DATA BLOCK:
----------------
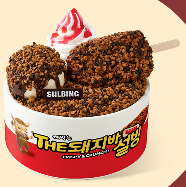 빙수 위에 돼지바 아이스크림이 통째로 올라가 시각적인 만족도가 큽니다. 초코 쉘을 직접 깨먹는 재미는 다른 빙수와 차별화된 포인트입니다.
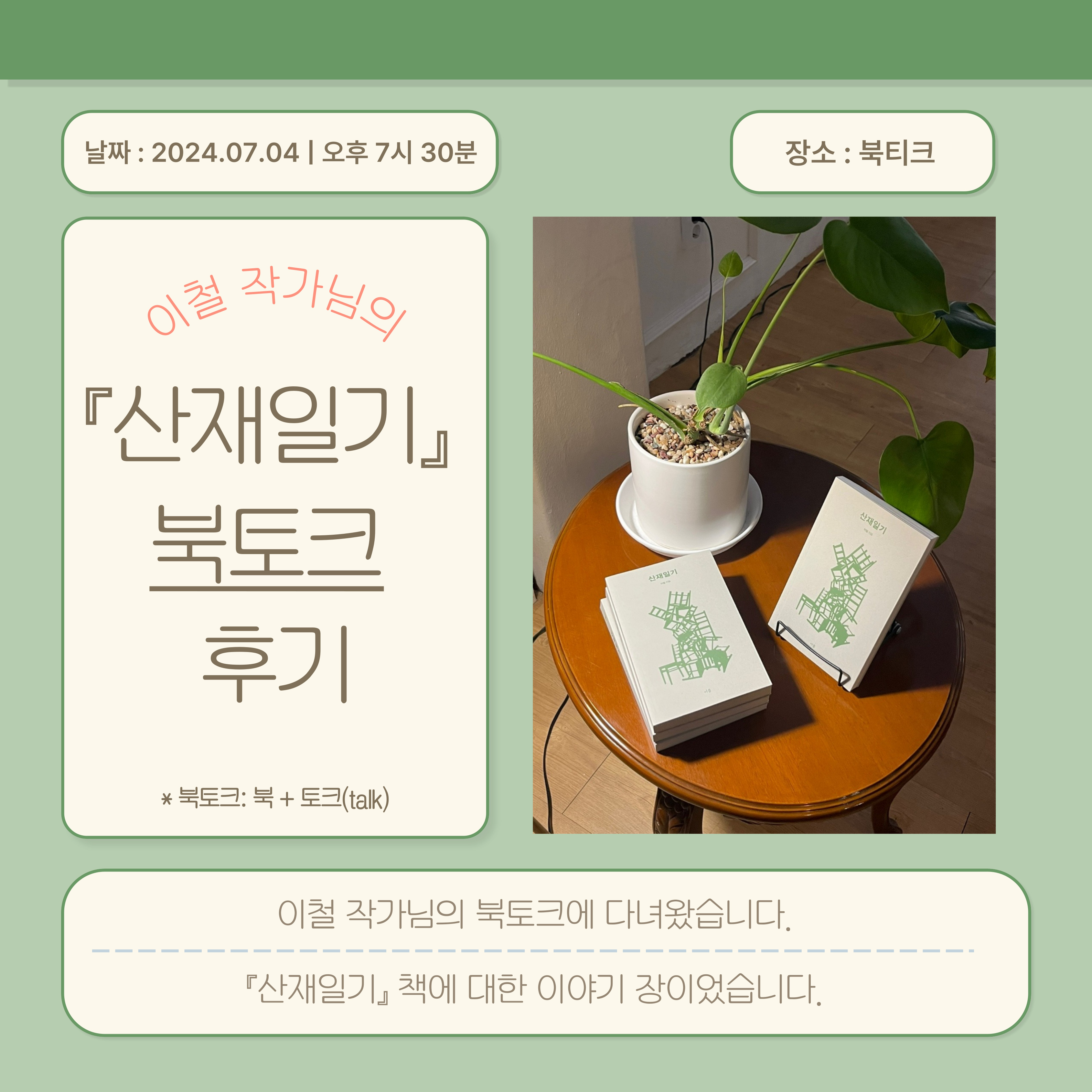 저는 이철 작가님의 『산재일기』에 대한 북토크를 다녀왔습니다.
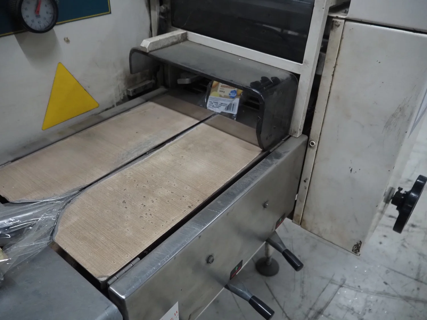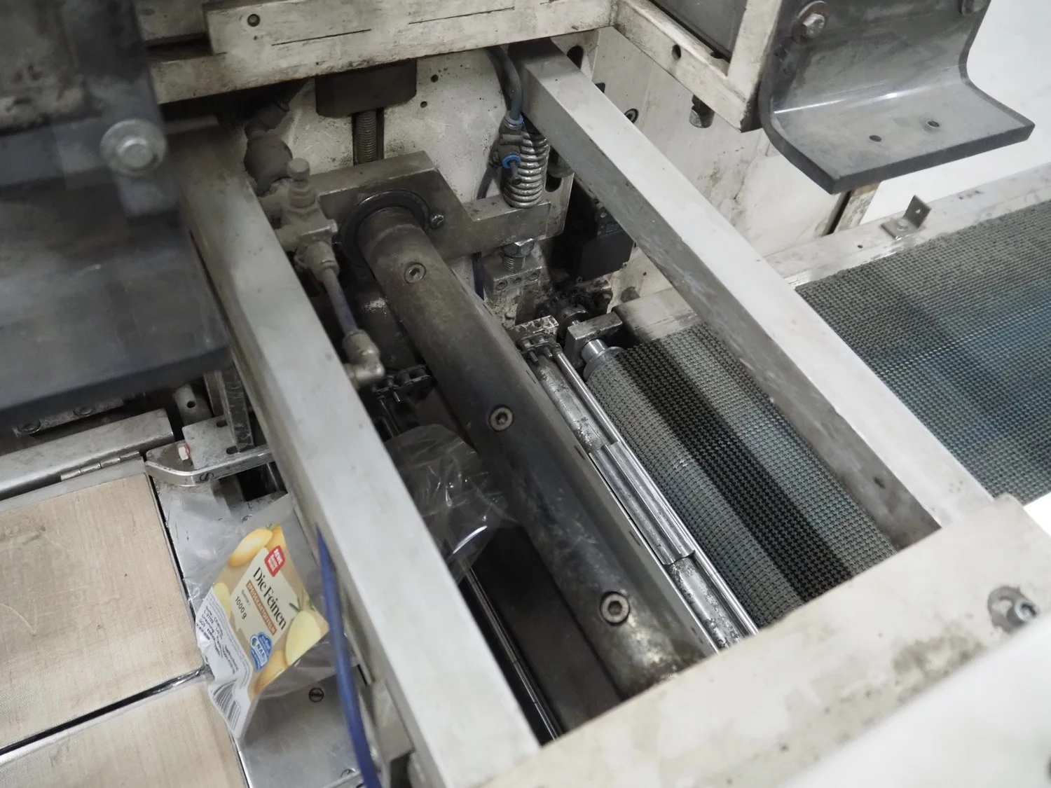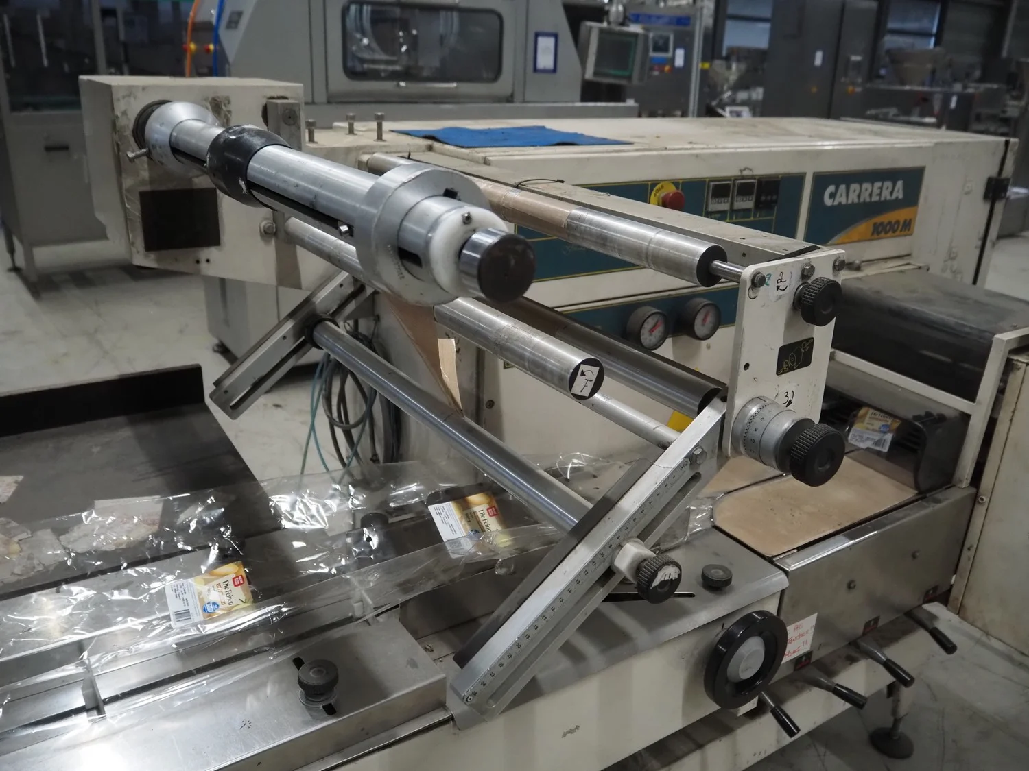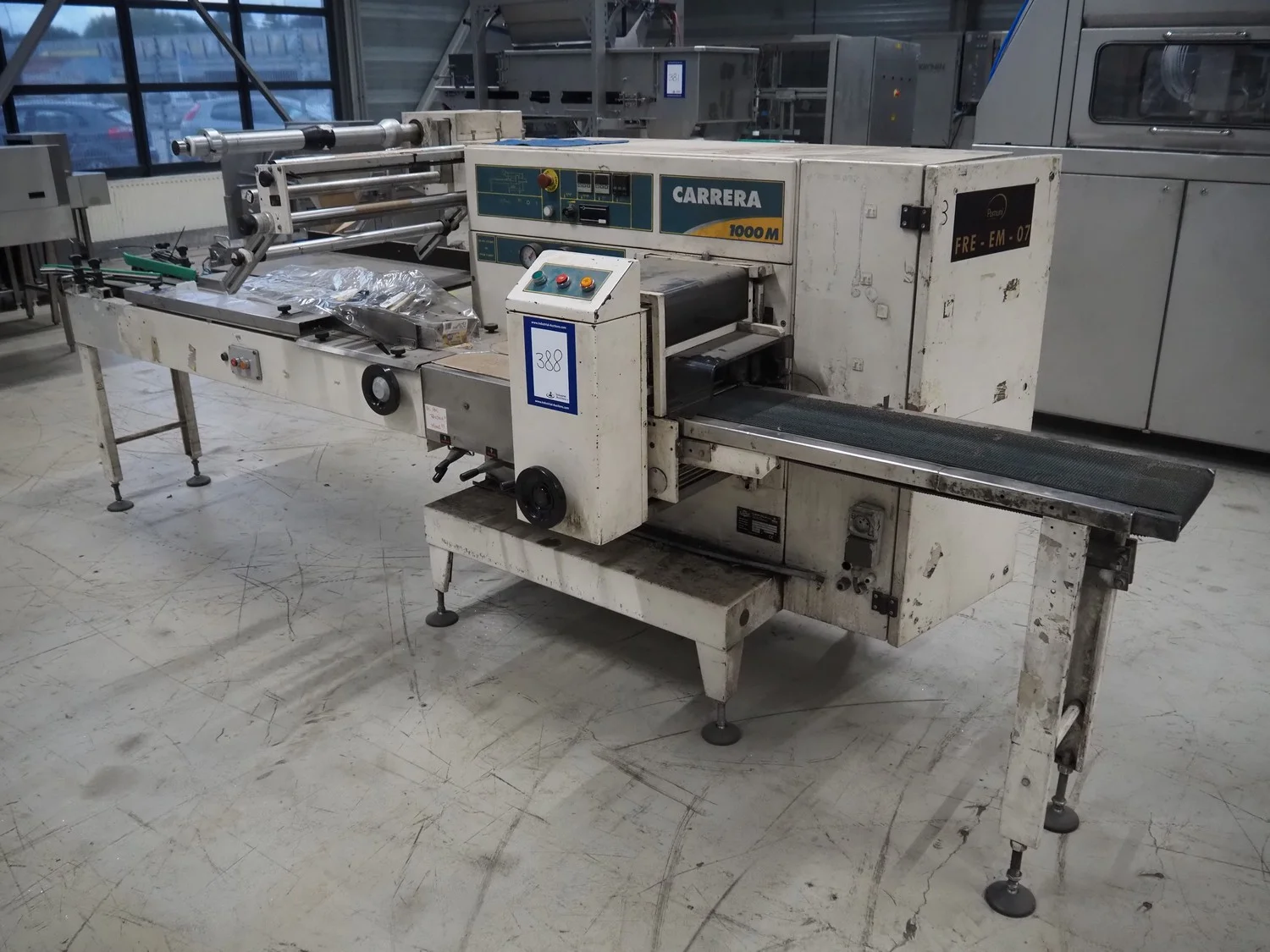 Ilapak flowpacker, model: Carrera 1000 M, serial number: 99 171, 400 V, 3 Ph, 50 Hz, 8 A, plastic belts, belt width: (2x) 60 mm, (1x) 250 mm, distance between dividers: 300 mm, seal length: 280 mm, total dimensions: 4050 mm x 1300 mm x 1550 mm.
----------------
Copy out the lines exactly as written, beginning with the one that contains "저는 이철 작가님의 『산재일기』에 대한 북토크를 다녀왔습니다." and ending with the last line of the material; do not include pictures.

EXERCISE RESPONSE:
 저는 이철 작가님의 『산재일기』에 대한 북토크를 다녀왔습니다.
 Ilapak flowpacker, model: Carrera 1000 M, serial number: 99 171, 400 V, 3 Ph, 50 Hz, 8 A, plastic belts, belt width: (2x) 60 mm, (1x) 250 mm, distance between dividers: 300 mm, seal length: 280 mm, total dimensions: 4050 mm x 1300 mm x 1550 mm.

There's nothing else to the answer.